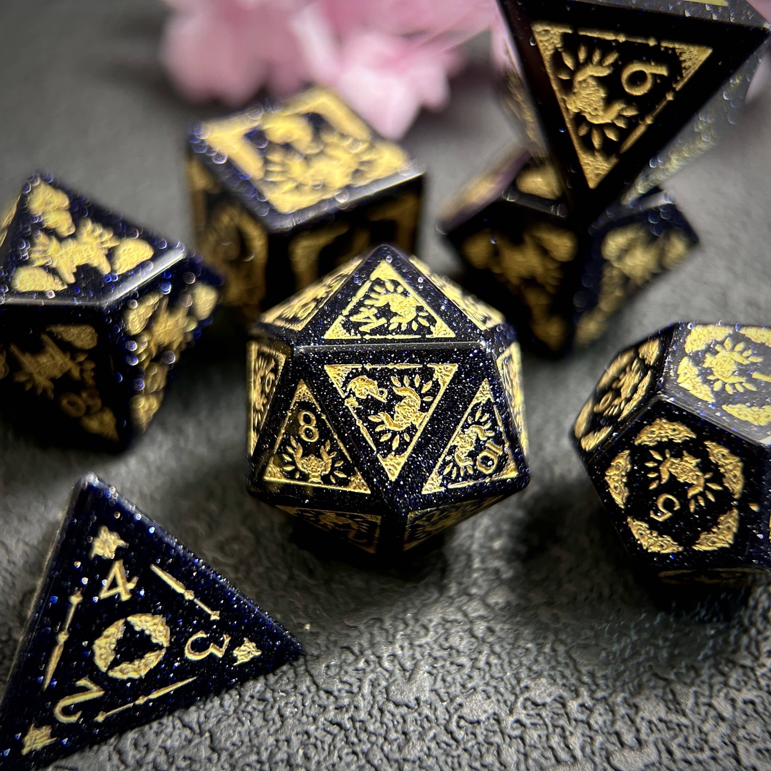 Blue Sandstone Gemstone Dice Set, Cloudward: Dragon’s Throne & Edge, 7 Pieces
--------
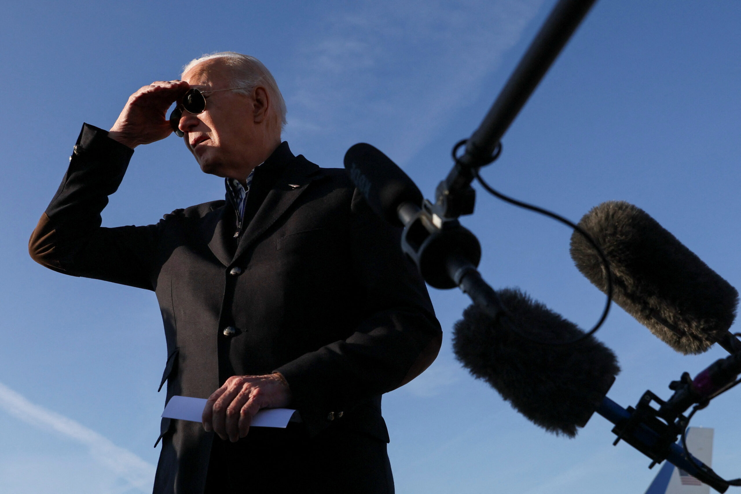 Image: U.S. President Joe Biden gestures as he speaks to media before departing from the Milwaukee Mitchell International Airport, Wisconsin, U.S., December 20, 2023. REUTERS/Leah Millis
--------
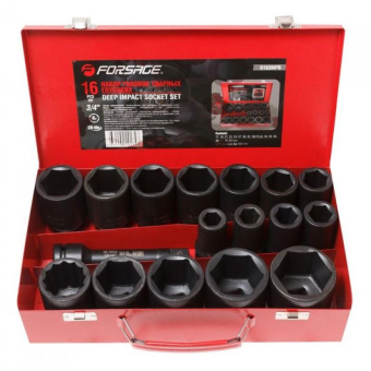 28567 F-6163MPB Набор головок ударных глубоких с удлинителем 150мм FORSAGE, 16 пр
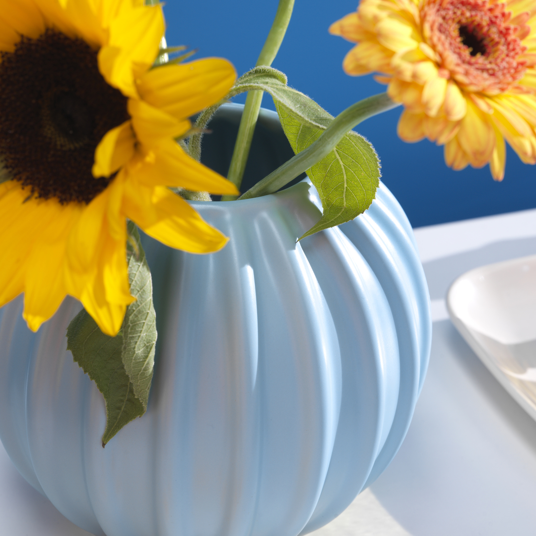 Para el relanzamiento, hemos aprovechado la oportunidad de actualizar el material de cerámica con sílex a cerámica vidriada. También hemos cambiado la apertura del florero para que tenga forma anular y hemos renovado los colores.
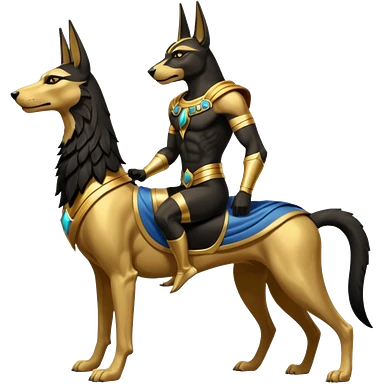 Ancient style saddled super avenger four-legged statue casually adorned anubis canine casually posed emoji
--------
• _Exercise objective_:
Would you restate, exactly and with no pictures, the lines of the entries above from the one containing "Para el relanzamiento, hemos" through the one containing "Ancient style saddled"?

• _Response to this exercise_:
 Para el relanzamiento, hemos aprovechado la oportunidad de actualizar el material de cerámica con sílex a cerámica vidriada. También hemos cambiado la apertura del florero para que tenga forma anular y hemos renovado los colores.
 Ancient style saddled super avenger four-legged statue casually adorned anubis canine casually posed emoji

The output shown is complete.